▸ What you will do: The entries below contain pictures, which are to be left out; write out exactly, and only, the lines from the line with "A window will" up to and including the line with "马自达6是一款非常经典的车型".

▸ Extracted information:
—————
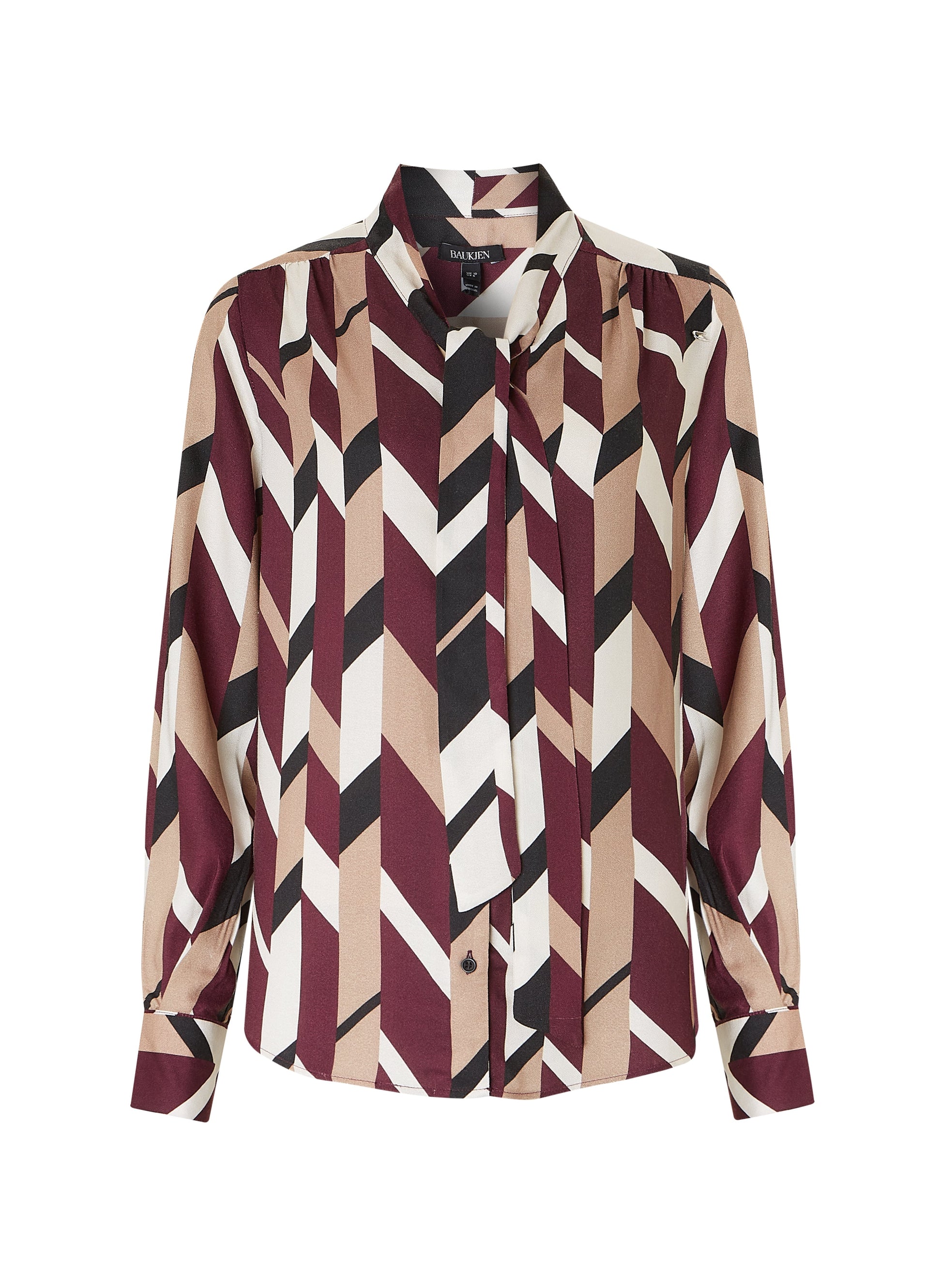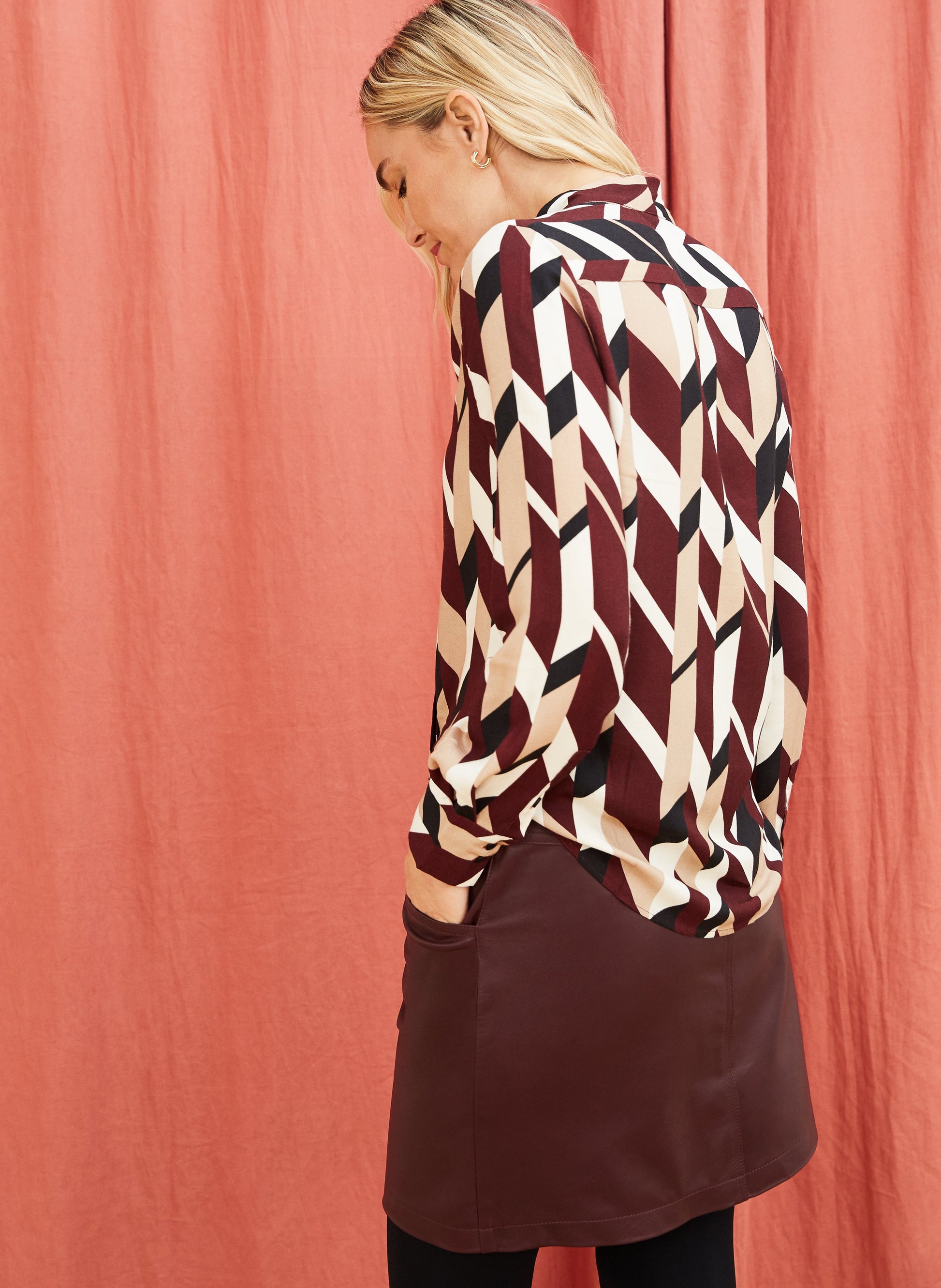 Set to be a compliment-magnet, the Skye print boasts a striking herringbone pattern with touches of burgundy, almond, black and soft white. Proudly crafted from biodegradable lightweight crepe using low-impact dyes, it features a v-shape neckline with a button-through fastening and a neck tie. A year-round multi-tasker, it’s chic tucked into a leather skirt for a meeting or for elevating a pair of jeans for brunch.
—————
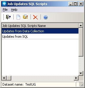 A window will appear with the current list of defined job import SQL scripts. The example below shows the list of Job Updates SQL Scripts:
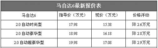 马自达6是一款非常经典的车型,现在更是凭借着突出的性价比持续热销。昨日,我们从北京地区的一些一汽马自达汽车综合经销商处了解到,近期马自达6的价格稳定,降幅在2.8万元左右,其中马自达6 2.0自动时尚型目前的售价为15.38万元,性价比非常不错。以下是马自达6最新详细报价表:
—————
▸ Solution to this exercise:
 A window will appear with the current list of defined job import SQL scripts. The example below shows the list of Job Updates SQL Scripts:
 马自达6是一款非常经典的车型,现在更是凭借着突出的性价比持续热销。昨日,我们从北京地区的一些一汽马自达汽车综合经销商处了解到,近期马自达6的价格稳定,降幅在2.8万元左右,其中马自达6 2.0自动时尚型目前的售价为15.38万元,性价比非常不错。以下是马自达6最新详细报价表:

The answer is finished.